───── Dataset extract

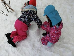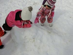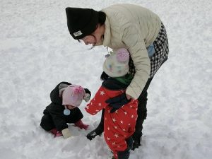 未満児も雪遊びです。ソリに乗っても雪がふわふわしているのでなかなか進みません。手で引っ張ったり、小さな築山の上から押してもらって滑っていました。可愛いスノーマンが出来上がっていました。太陽は出ていませんが風もなく遊びやすい日でした。
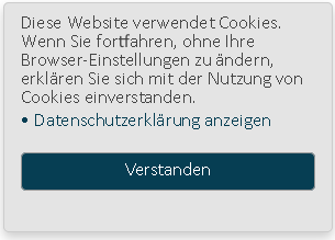 Rechts unten erscheint der verpflichtende Cookie Hinweis:
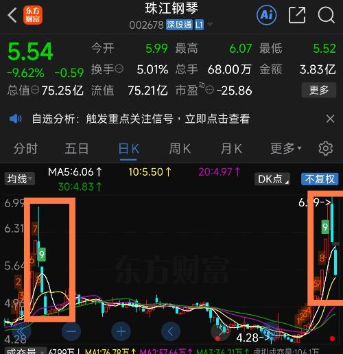 $珠江钢琴(SZ002678)$历史总是惊人的相似,但不会简单重复,看周线可知未来走势!每次周线出现大涨,第二周出现大阴!随后半年将持续阴跌!恭喜在大涨下车的朋友们!

──────────

_Task description_
Please restate all of the listing above word for word, with no pictures.

_Solved exercise_
 未満児も雪遊びです。ソリに乗っても雪がふわふわしているのでなかなか進みません。手で引っ張ったり、小さな築山の上から押してもらって滑っていました。可愛いスノーマンが出来上がっていました。太陽は出ていませんが風もなく遊びやすい日でした。
 Rechts unten erscheint der verpflichtende Cookie Hinweis:
 $珠江钢琴(SZ002678)$历史总是惊人的相似,但不会简单重复,看周线可知未来走势!每次周线出现大涨,第二周出现大阴!随后半年将持续阴跌!恭喜在大涨下车的朋友们!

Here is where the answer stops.